「学級崩壊は非常に広がっていて、各小学校1~2クラスは崩壊しています。この前も6年生の学級を見てきましたが、授業中に先生ひとりだけがしゃべっていて、ほとんどの生徒が聞いていない。教室の後ろのほうでは生徒が堂々とイヤフォンで音楽を聴いていたり、トランプしていたり、マンガを読んでいたり…まさに驚くべき状況でした。低学年でも、授業を聞かず騒がしい、立ち歩く、勝手に教室から出ていく…といった状況がみられます」
マンガでもドラマでもなく、これが現実だという。いったい、なぜこんな状況が起こってしまうのか? 低学年と高学年でもまた違ってくるという。

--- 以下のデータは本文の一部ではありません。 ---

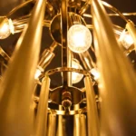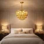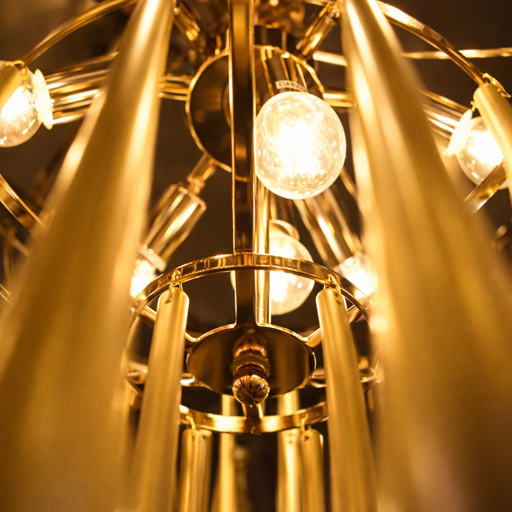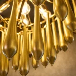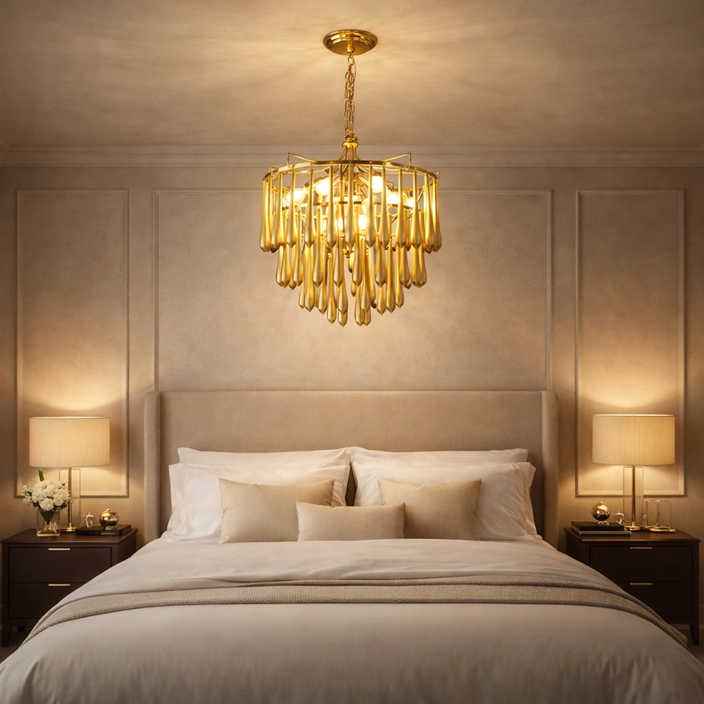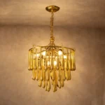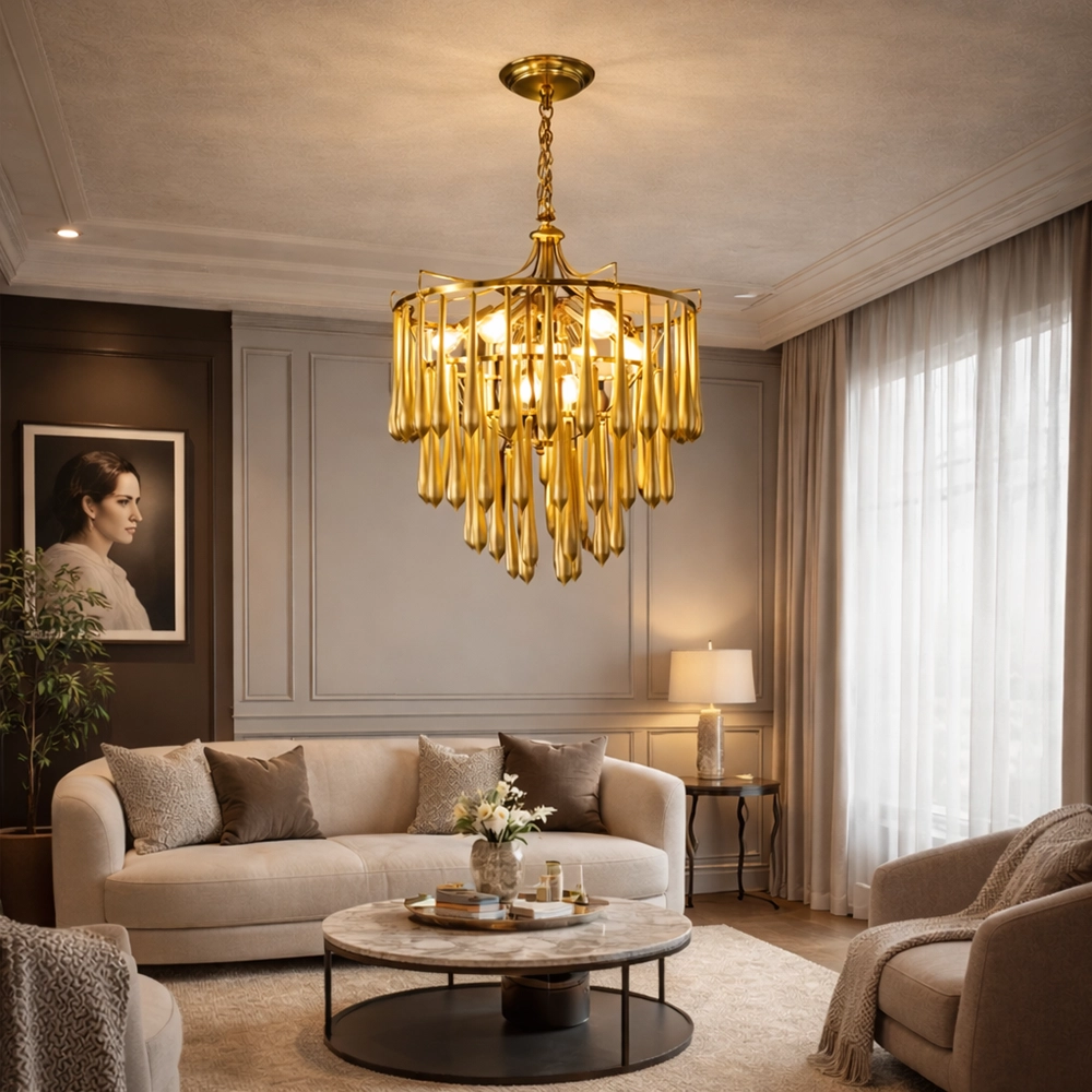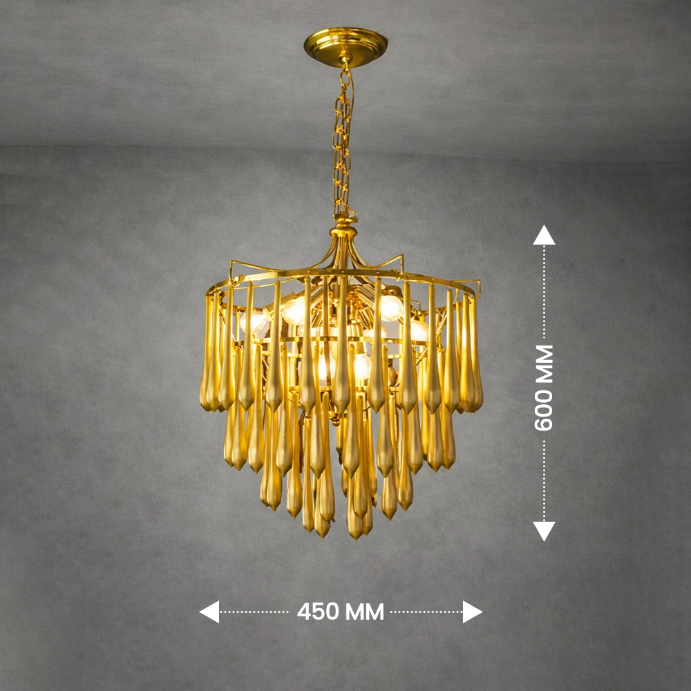 The Zyrelith CrownDrop Gold Chandelier is a modern luxury ceiling light designed to add sophistication and warm brilliance to contemporary interiors. Featuring a structured gold frame with layered elongated drop accents, this designer chandelier creates a rich cascading effect that enhances ambient lighting while maintaining a refined silhouette.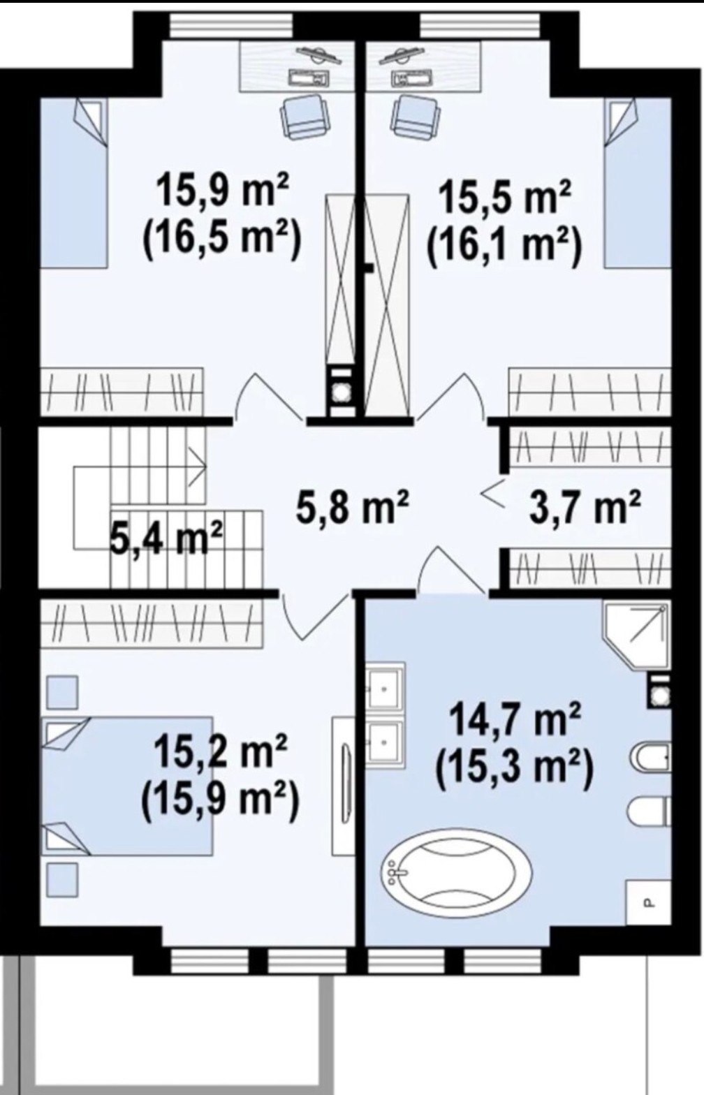 – Łazienka: 14,7 m² (po podłodze 15,3 m²)

「低学年の場合は、各々がいろんなこと言ったり、わがまま言ったり、
“かまってほしい子”がいっぱいいるんです。先生がそれを注意していくと、“先生はあの子ばっかり可愛がる。あの子ばっかりひいきする”あるいは、“悪さをすると関わってくれるから、僕たちも悪さすればいいんだ”みたいな感じで連鎖的に広がって結果的に崩壊していくという感じです」
高学年の場合は、学びへのストレスや、大人たちのふりかざす“正論”への反発が大きいそう。
「高学年になってくると、例えば東京都では約8割は私立受験をする状況なので、塾に行っているお子さんがほとんど。つまり、学校の勉強はわかっているのでおもしろくない。だから真面目に聞こうとしない。しかも、今の子は絶えず詰め込まれ、競争させられていて、本来学ぶことが生活に役立つことだという実感もないんです。さらに、教師たちは子どもたちの言い分は一切聞かず、一方的なウソ臭い正論ばかりをぶつけてきてくるので、どんどんストレスが溜まって荒れてしまうんです」
増田先生は、多くの学級崩壊に立ち合い、どの学校にも共通した生徒たちの叫びが以下の4つだったという。
1)僕たちのことをまっとうに扱ってほしい。
2)僕たちの言い分をちゃんと聞いてほしい
3)僕たちのことを好きになってほしい
4)もっと勉強がわかるように教えてほしい
「もっと子どもの声を聞く学校にならなきゃいけないんです。学級崩壊しているクラスでも、2カ月くらい子どもたちの話を、本音を聞き続けてあげると変わるんですよ!」
では、どう改善していったらいいのだろうか?
「学校としては、私のような第3者を入れて学級を分析し、荒れている原因を突き止めて改善方法をみつけていくこと。親御さんにできることは、担任に“子どもたちの話を聞いてあげてください!”と、要求することですね。自分の子どもだけじゃなく、荒れている子どもたちも本当はみんな先生のことが好きで、先生に話を聞いてほしいと思っている…と、伝えるんです。あくまでも一方的に先生を責めるのではなく、お願いするカタチで良好な関係を保ってください。きっと変わってくるハズです!」
荒れるのには原因がある。大人たちがしっかり子どもと向き合い、その原因を取り除いてやりさえすれば、子どもたちの目は輝きを取り戻すに違いない。